All patients were submitted to dryness question-naire. Those who had symptoms of dryness or anti/ Ro were submitted to glandular function evaluation by whole unstimulated salivary flow (WUSF) measurement, Schirmer’s test I (ST I), lissamine green, and fluorescein test. Criteria for performing labial salivary gland biopsy (LSGB) were: salivary and/or lacrimal dysfunction or positive anti/Ro or systemic manifestation according to ESSDAI.

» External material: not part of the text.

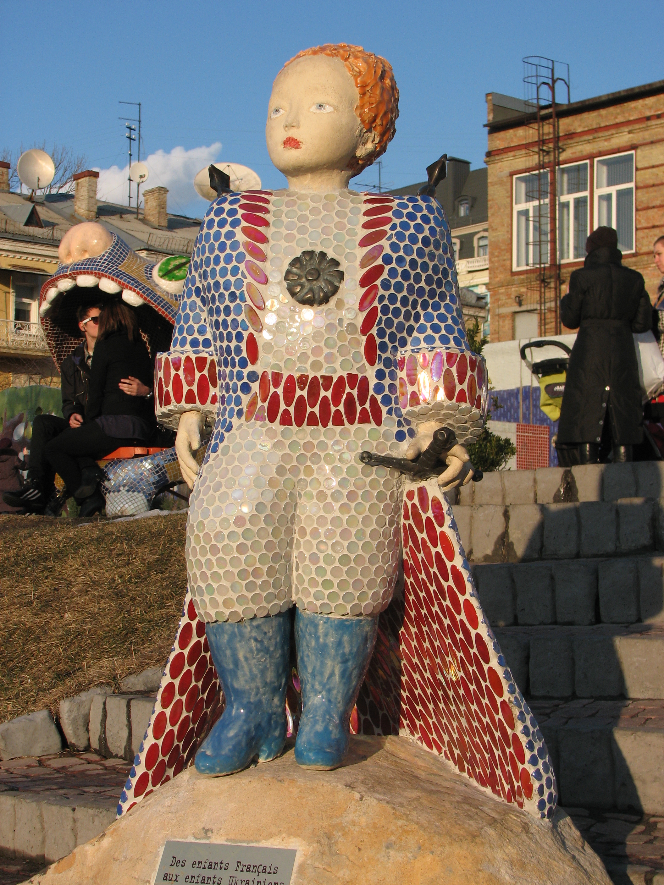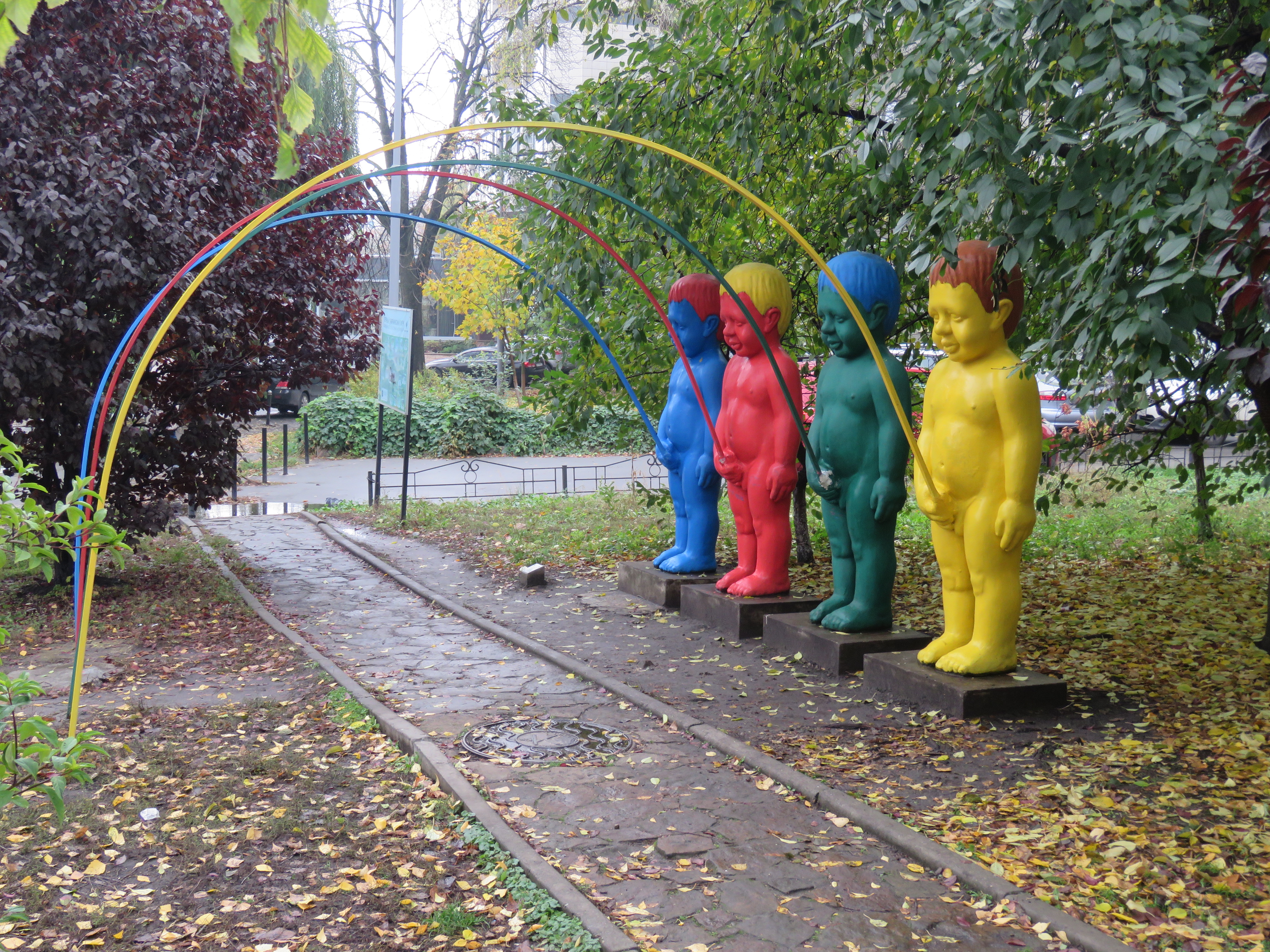 Малюки, що роблять свою мокру справу, теж прописані на Пейзажці. Їхнього автора — Олександра Алексєєва — спочатку звинуватили у пропаганді ЛГБТ. А коли всі заспокоїлись, то одному з хлопчиків відбили струмінь. Після чого скульптури було розмальовано абревіатурою ACAB, що дослівно означає All Cops Are Bastards (Усі копи виродки).

Classification criteria were based on the 2002 American-European Consensus Group (AECG) consensus, which assesses ocular and oral symptoms, ocular and oral objective tests, minor salivary gland histopathology, and the presence of autoantibodies. In addition, the new criteria of the American College of Rheumatology and the European League Against Rheumatism (ACR-EULAR) 2016 were used to classify SS, including the following items: the presence of focal lymphocytic sialadenitis with a focal score ≥ 1 (3 points), presence of anti/Ro (3 points), Schirmer test I (ST-I) ≤ 5 mm/5 min (1 point), ocular surface staining score (or van Bijsterveld score) ≥ 5 (1 point) and unstimulated salivary flow ≤ 0.1 ml/min (1 point), being positive when result is ≥ 4 points. In SS/SLE patients, the ESSDAI instrument was applied to assess disease activity.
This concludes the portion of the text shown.